As a teenager, Ricky Blackman carried an Oklahoma driver's license with the words "sex offender" stamped in red below his picture.
His crime? Having sex with a 13-year-old girl when he was 16. The offense occurred when he lived in Iowa, and the label followed him to Oklahoma.
As a Tier 3 offender on Oklahoma's sex offender registry, Blackman could not attend high school, visit the town library, or go to his younger brother's football games.
But the label did more than limit where Blackman could go. It transformed him from an outgoing, sociable jock into an introvert who has trouble trusting people, his mother says.
The case of Mr. Blackman is far from typical. It represents some of the worst in policy making - an overreaction to an issue that ends up being counterproductive. While problems with sex offender registries have been well documented, change has been slow in coming. Few elected officials want to be tagged with being soft on crime no matter how ineffective or counterproductive a crime control policy is.

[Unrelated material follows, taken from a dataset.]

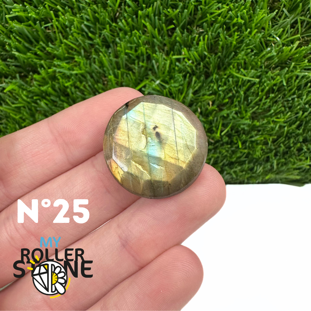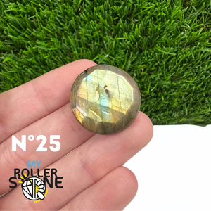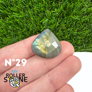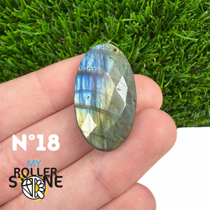 Canada, deux gisements réputés pour la qualité de leurs reflets et la densité de la pierre. Le travail en cabochon facetté met en valeur la structure interne de la labradorite tout en offrant une surface nette et lumineuse, idéale pour la création de bijoux haut de gamme.

Registries cost money, they drive offenders underground (making enforcement difficult and inconsistent), and may create a false sense of security. As in the case of Mr. Blackman, sex offenders are frequently the target of community wrath.
An additional problem is the breadth of the label "sex offender." Most individuals who fall into this category are situational offenders - having underage, but consensual sex. But by labeling everyone a sex offender, the ability to monitor adequately truly dangerous offenders is greatly diminished.
Legislatures need to revise these policies if the goal is to improve public safety. Until then, the Scarlet Letter effect does more harm than good.